Eventually finding a sysex file that works with both software instruments I’ve been able to A/B a bunch of patches. In general Airwave sounds exactly like the JE-8086 emulation. If that really is accurate (which seems the case) then so is Airwave. But I’m still not happy about there being no obvious performance mode. If it’s there then I want to see it detailed in the manual. Until then 3 toilet rolls.

I must mention the Arturia Jup-8000V which for some idiot reason emulates the JP8000 so {play yakety sax here}. There’s an enormous difference between the two. Why on earth pick the smaller machine?
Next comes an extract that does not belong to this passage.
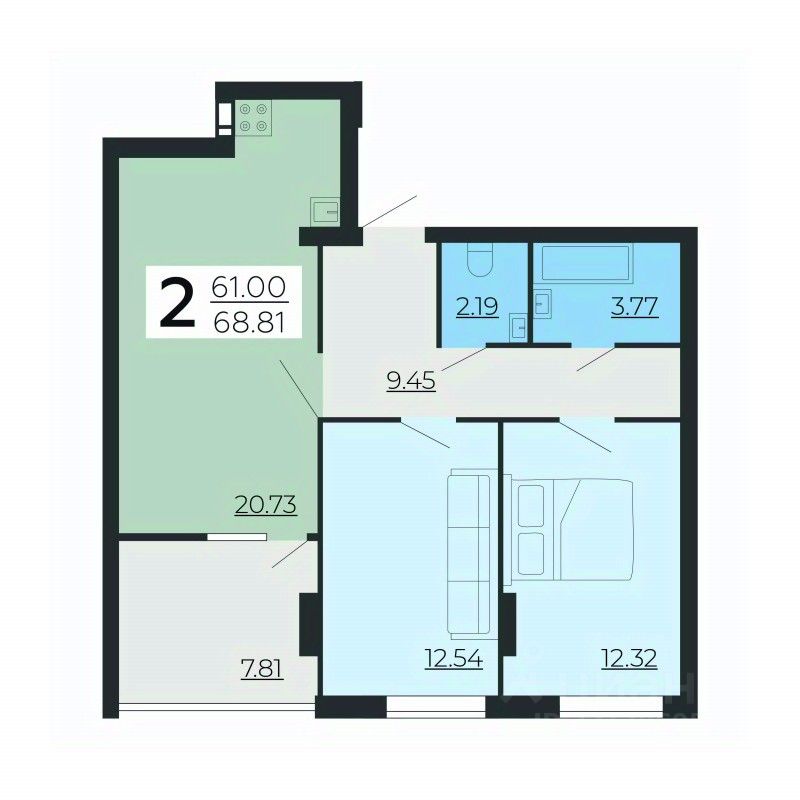 Двухкомнатная квартира 68.81 кв.м. от застройщика ООО СЗ ''АИСТТАУЭР'', расположена по адресу: ул. Нестерова, д. 9 . На 2 этаже, 24 этажного здания. Просторная кухня 20.73 кв.м..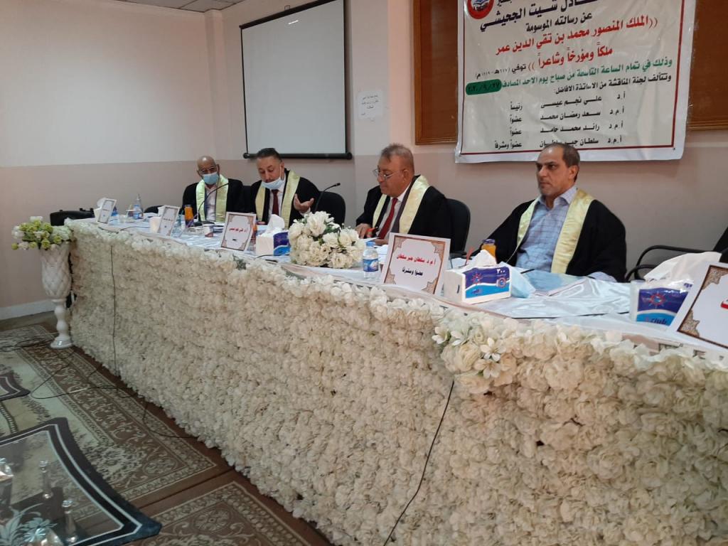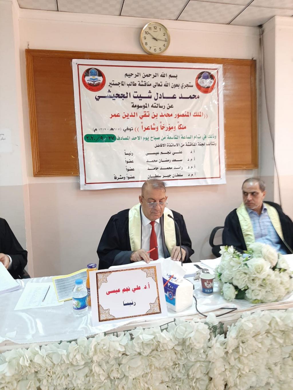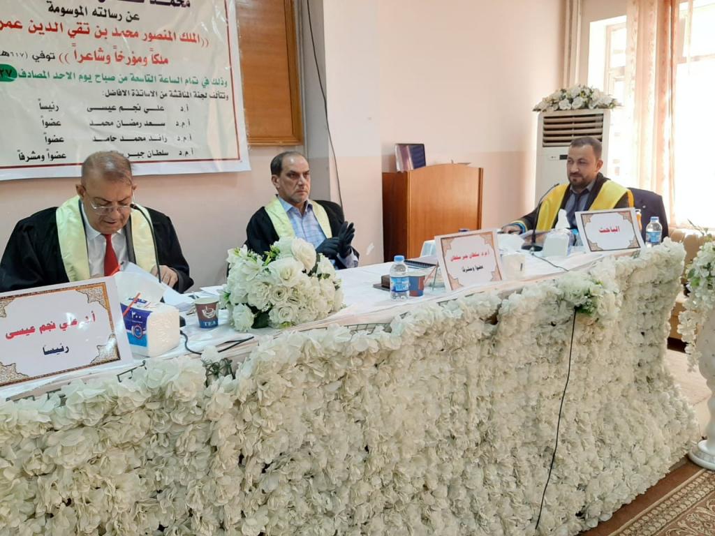 مناقشة رسالة الماجستير في التاريخ الموسومة بـ(الملك المنصور محمد بن تقي الدين عمر (ت617هـ ـ 1219م) ملكا ومؤرخا وشاعرا)

If they catch up it’ll become interesting.

Why go back to the JP8080 anyway?

Does the JP8080 hardware still have relevance? Well it’s a fun machine to make sounds just a little more recent than the old analogues. Here’s the first super saw and the feedback oscillator (polyphonic on Airwave but not JE). It has lots of wibbly 90’s modulation features as well. But as I say in the hardware review it needs a lot of EQ to sound more like the older machines.

Later Roland machines often include the features of the JP8080 – notably the V-Synth which has obvious crossover (plus samples), and more recently the System-8 is able to do very similar sounds while having far more options. Any software like the Mercury 8 that stacks up voices is also a contender.